Richard Huxton <dev@archonet.com> writes:
> Brian Wipf wrote:
>> Both servers have identical Intel processors and both are running 64-bit
>> PostgreSQL 8.2.4. The original server is running 64-bit openSUSE 10.2
>> (Linux 2.6.18.2-34-default #1 SMP Mon Jul 16 01:16:32 GMT 2007 x86_64
>> x86_64 x86_64 GNU/Linux) and the new server is running Mac OS X Leopard
>> Server.
> This isn't necessarily safe. If your setup isn't *identical* then you
> need to do a lot of checking to make sure this will work.

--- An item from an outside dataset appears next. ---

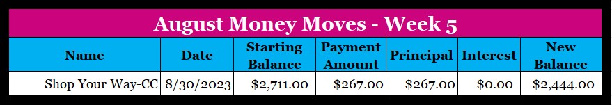 Things are going great getting this credit card paid down. Right now I’m set to pay it off at the beginning of November and things are on track to hit that goal.
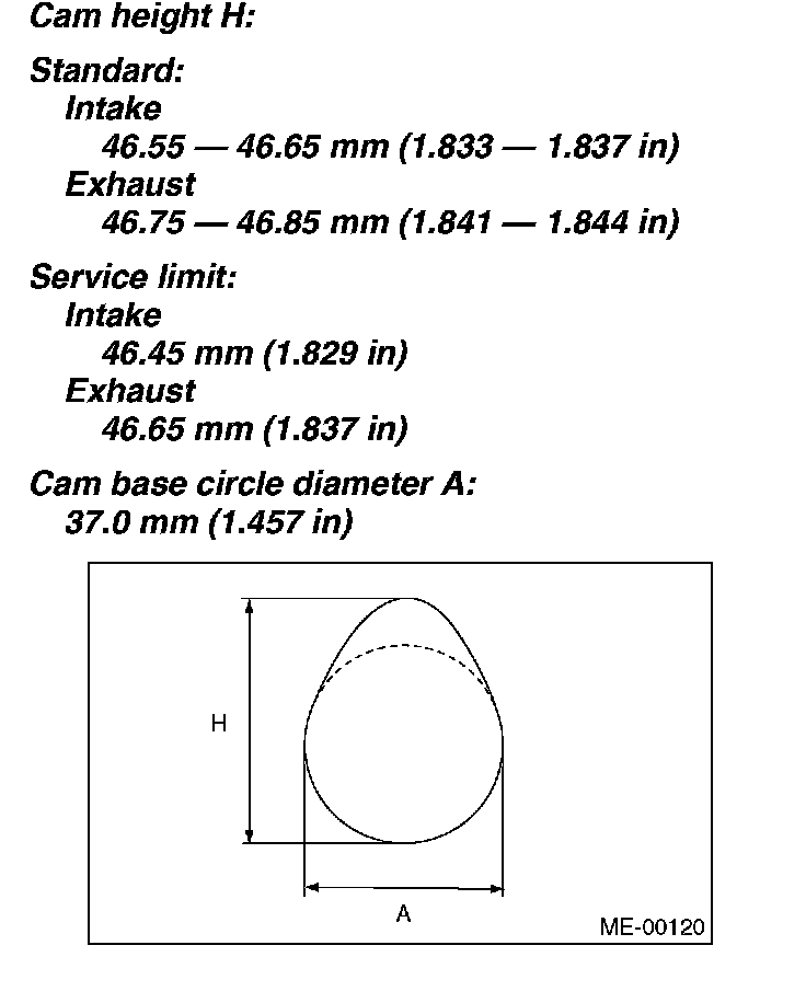 5. Check the cam face condition; remove the minor faults by grinding with oil stone. Measure the cam height H. Replace if it exceeds the limit.

PG 8.2 does store data in the pg_control file with which it can check
for the most common disk-format-incompatibility problems (to wit,
endiannness, maxalign, and --enable-integer-datetimes). If Brian has
stumbled on another such foot-gun, it'd be good to identify it so we
can think about adding more checking.
Noting that one of the columns in the corrupted index was varchar,
I am wondering if the culprit could have been a locale/encoding problem
of some sort. PG tries to enforce the same LC_COLLATE and LC_CTYPE
values (via pg_control entries) but when you are migrating across
widely different operating systems like this, identical spelling of
locale names proves damn near nothing.
What are the settings being used, anyway? (pg_controldata can tell
you.) Try using sort(1) to sort the values of product_id_from_source on
both systems, in that locale, and see if you get the same sort ordering.